Tuesday, 26 April 2016

An Anonymous Archaeologist Afraid to tell metal Detectorist What is What

Afraid of metal detectorists?
There is a nicely-written article in the Guardian about being an archaeologist (Anonymous, 'The secret life of an archaeologist: soil in your sandwiches and sexism on sites' The Guardian Monday 25 April 2016). The author mentions artefact hunters: 
Equally, metal detectorists can be the stuff of nightmares when on a dig. Those acting as treasure hunters, operating without a licence, digging under the cover of night, are not likely to be keeping detailed records. Once an object is removed from a site, it loses its context and its informative value is decreased to almost nil, depending on the artefact. When someone walks onto site uninvited with a bag of artefacts your heart just sinks and you have to bite your tongue. 
The illegal chaps are unlikely to be the ones venturing onto a dig with an orange Sainsbury's carrier bag full of loose hoiked finds (the only reason they might be there perhaps is to scout the place out and see if it'd be worth risking a nocturnal visit there too). What she's talking about here is the other kind, the ones that are supposed to be archaeology's (potential) partners,  the non-nighthawking type (the so-called 'responsible" ones). All the expensive 'outreach' by well-meaning but misguided archaeologists is wasted if these folk are still coming to archaeologists with "a bag of artefacts"  - so, loose objects divorced from context and associations without individual bagging and labelling with findspots. Twenty years of 'outreach' has not produced the intended result. But why on earth is this person "biting their tongue" and not doing some proper outreach? What is the matter with British(/Irish?) archaeologists these days that they are afraid to say 'boo to a goose'? Or has 'dealing with metal detectorists' become in the archaeological mentality something that only the PAS have to endure to relieve others of the bother?

Hat tip Nigel Swift

Just one of the 233 comments under the original article referred to the 'metal detecting interlude' - but also totally misses the point, preferring to interpret what she is saying as archaeological standoffishness:
gez_smith 25 Apr 2016 16:13 "When someone walks onto site uninvited with a bag of artefacts your heart just sinks" Or how about looking at it as it really is, a detectorist is helpfully trying to share information with you? Nighthawks who strip sites and people who think detecting is 'treasure hunting' should definitely be stopped, but some of us detectorists record all our finds (which only come from context disturbed plough soil anyway) to 10 figure grid references, conserve them carefully, store them to archaeological standard and record them dilligently with PAS. You could encourage detectorists you meet to become more like that you know. The blanket 'all detectorists are bad' attitude of archaeologists stinks, and needs to stop. 
He cannot see how what is being described is not "helpful", the artefact hunter is taking for themself  and a loose bag of finds or a no-matter-how-many-figure NGR in some central database is absolutely no mitigation of the damage done. This goes also for selectively stripping out random diagnostic (collectable) material from a surface assemblage.  Note the de rigeur 'we are not all nighthawks' argument, it'd be refreshing to see a metal detectorist who does not trot this one out every time they put finger to keyboard.

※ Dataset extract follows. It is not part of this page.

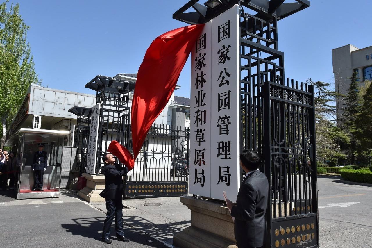 ▲ 國家林業和草原局、國家公園管理局舉行揭牌儀式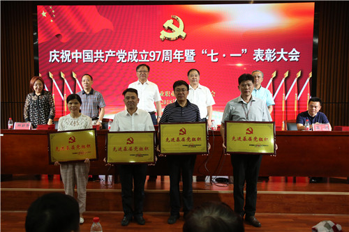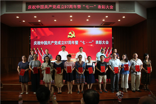 本网讯 7月3日下午,我校庆祝中国共产党成立97周年暨“七·一”表彰大会在图书馆报告厅顺利召开,校领导、全体中层干部、教职工党员代表、学生党员代表、新党员代表共300余人参加本次大会,大会由党委副书记陈超主持。

What is worth noting is that none of the other comments under this article (so far) are not from enlightened metal detectorists expressing annoyance that a metal detectorist is ripping stuff out of the ground and curating it like that and by taking it to the archaeologist in that state is bringing the hobby into disrepute just as much as the nighthawks mentioned in the previous part of the extracted fragment.